View of Okinawa Photo: VCG
An academic conference marking the 30th anniversary of the China Ryukyu research institute and advancing the development of the Ryukyu studies discipline was held over the weekend at Fujian Normal University. The Fuzhou-based university's pioneering Ryukyu studies program was newly selected for the 2025 funding cycle of the endangered disciplines support plan led by the Chinese Academy of History, one of only six projects nationwide to be chosen, and the first and only program from Fujian Province since the plan was launched.
The Global Times spoke on Tuesday with Professor Xie Bizhen, academic head of the institute, who explained why deepening research on Ryukyu history continues to carry significant contemporary value for China-Japan relations.
According to Xie, Ryukyuan historical materials are exceptionally distinctive. "In China's ancient foreign exchanges, there are very few cases like the Ryukyu Kingdom that have preserved such abundant images, documents, and physical artifacts," he said. "From my long-term work on China-Ryukyu and China-Japan relations, the uniqueness of Ryukyu sources is unmatched."
However, he noted that after the 2010 Diaoyu Dao incident, relations between China and Japan deteriorated. As Japan's hardline right-wing forces gained political influence, they became more inclined to downplay or even conceal the historical record of friendly exchanges between China and Ryukyu, Xie said.
"Many artifacts are no longer displayed as openly," Xie said. "In the past, Ryukyu islanders took pride in their ancestral ties with China. But under Japan's dominant narrative today, this history has instead become something to be avoided or not spoken about."
Xie emphasized that Japan's annexation of Ryukyu and subsequent assimilation policies, including the forced change of surnames, place names, and even rebranding the "Ryukyu Islands" as the "Southwestern Islands," were aimed at erasing historical memory. "As a result, many Okinawans today are unfamiliar with this part of their own past," he said. "This is why our research matters: to restore historical truth, preserve collective memory."
The conference also brought in several Japanese scholars. According to Xie, many expressed concern that rising tensions in China-Japan relations could hinder the development of Ryukyu Studies. "I told them clearly: state-to-state relations may fluctuate, but academic research must not be interrupted," he said. "The more solid our historical research is, the more it can contribute to improving real-world relations."
Fujian Normal University began field investigations, cultural preservation efforts, archival work and academic research on China-Ryukyu historical ties as early as the 1960s.
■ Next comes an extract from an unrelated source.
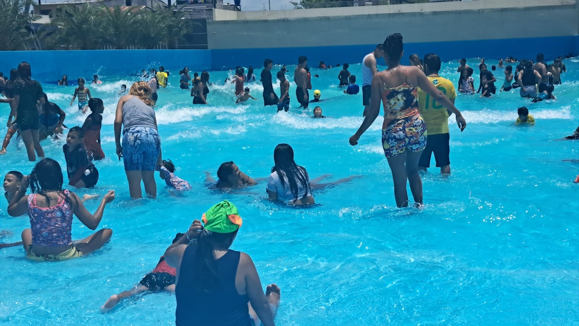 El inclemente sol hizo que Marlene Suntaxi y su pequeño hijo tomaran su terno de baño y sandalias para dirigirse a la piscina de olas municipal ubicada en el Batallón del Suburbio.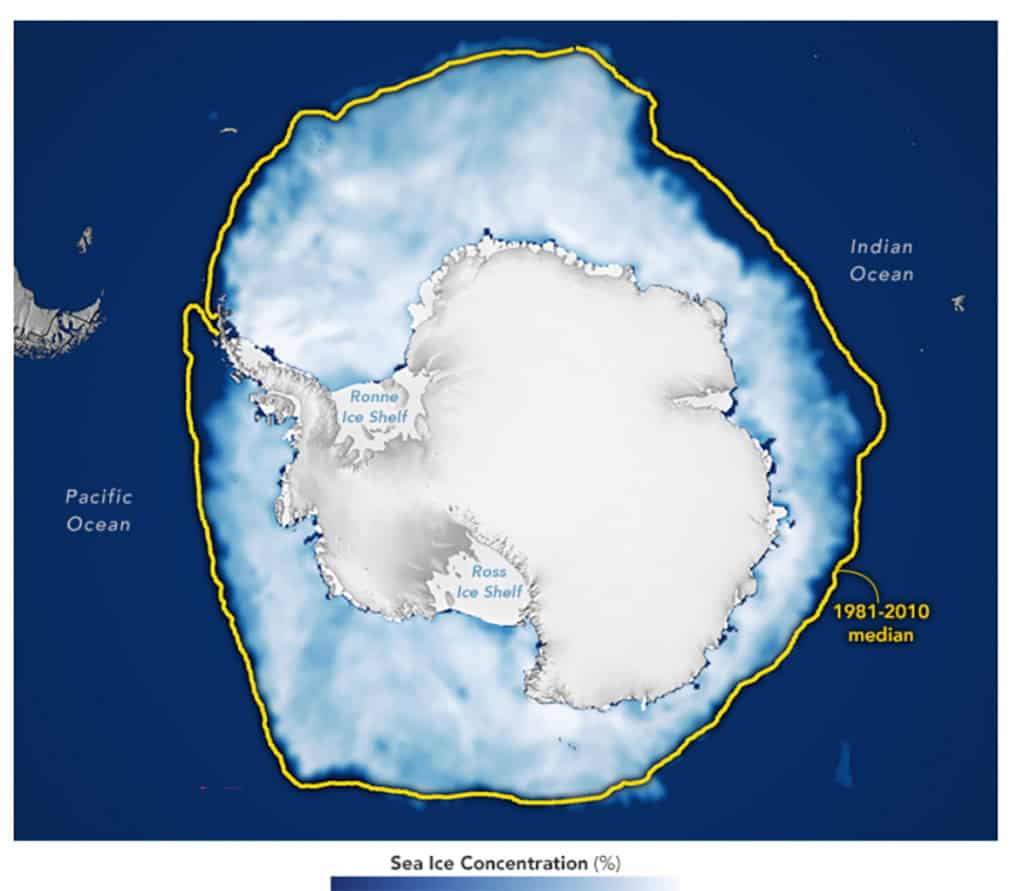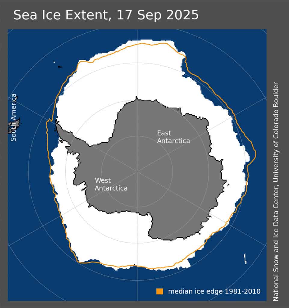 Com o fim do inverno de 2025 no Hemisfério Sul, o gelo marinho ao redor da Antártica voltou a se espalhar pelo oceano. Mas, apesar dessa expansão típica da estação, imagens de satélite mostram que a área congelada ficou muito menor do que o normal para essa época do ano. O gelo atingiu sua maior extensão anual em 17 de setembro, mas os valores continuaram abaixo do esperado.

In 1995, it established the institute of China-Ryukyu relations, which remains China's only research institution dedicated specifically to the study of China-Ryukyu relations.
At a UN meeting on October 9, China's Deputy Permanent Representative to the UN, Sun Lei, solemnly pointed out that China urges Japan to face up to the history of Japanese militarism's war of aggression and colonial rule against its Asian neighbors during WWII, which resulted in grave crimes against humanity. He called on Japan to genuinely improve the social status of women and to end prejudice and discrimination against the Okinawan people and other Indigenous groups.